• **ASSIGNED TASK**:
Work through the entries below and report how many lines include "Museo". The number alone is the answer.

• **DATA SHOWN**:
--------------------

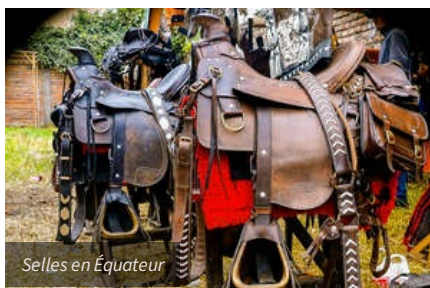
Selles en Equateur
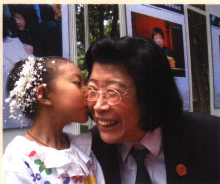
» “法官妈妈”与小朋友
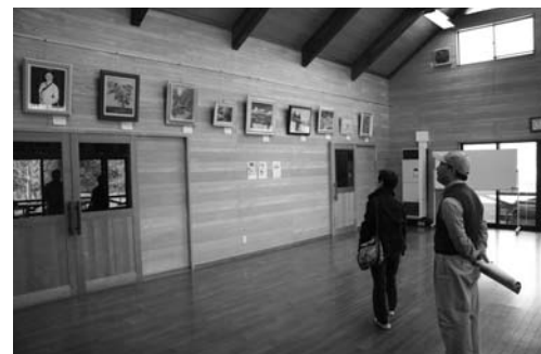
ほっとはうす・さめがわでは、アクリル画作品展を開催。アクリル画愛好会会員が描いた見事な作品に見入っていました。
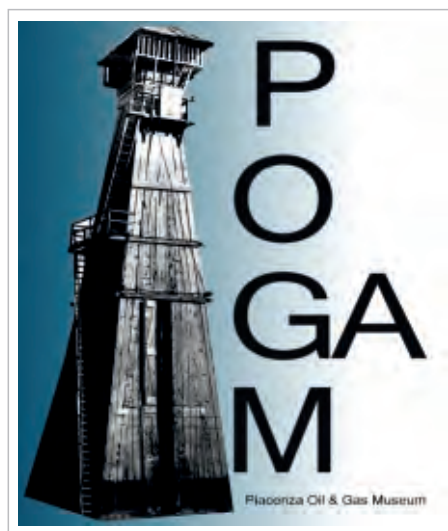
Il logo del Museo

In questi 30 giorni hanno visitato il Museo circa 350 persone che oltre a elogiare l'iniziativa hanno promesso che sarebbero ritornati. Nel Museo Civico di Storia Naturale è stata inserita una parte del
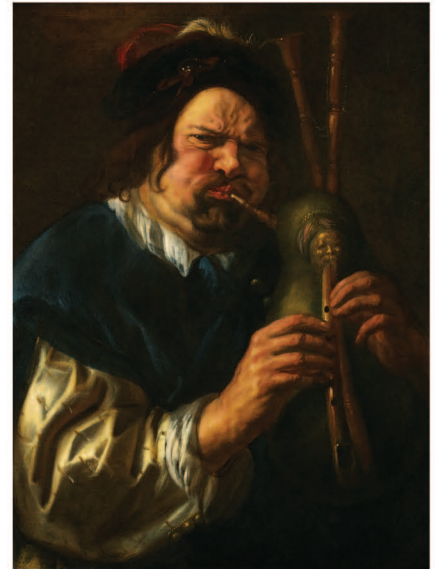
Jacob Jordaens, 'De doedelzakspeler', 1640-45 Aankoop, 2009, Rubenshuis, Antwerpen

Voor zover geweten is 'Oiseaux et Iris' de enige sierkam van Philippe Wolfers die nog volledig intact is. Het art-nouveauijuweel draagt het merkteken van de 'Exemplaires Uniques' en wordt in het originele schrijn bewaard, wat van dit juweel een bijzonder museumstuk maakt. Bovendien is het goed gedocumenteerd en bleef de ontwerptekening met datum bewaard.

--------------------

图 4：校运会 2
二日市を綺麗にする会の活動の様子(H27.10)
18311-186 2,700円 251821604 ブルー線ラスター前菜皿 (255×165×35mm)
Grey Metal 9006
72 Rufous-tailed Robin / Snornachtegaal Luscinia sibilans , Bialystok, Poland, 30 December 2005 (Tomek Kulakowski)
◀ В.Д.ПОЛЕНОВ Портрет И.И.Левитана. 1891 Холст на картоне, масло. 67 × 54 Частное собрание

--------------------

• **SOLUTION TO THIS EXERCISE**:
2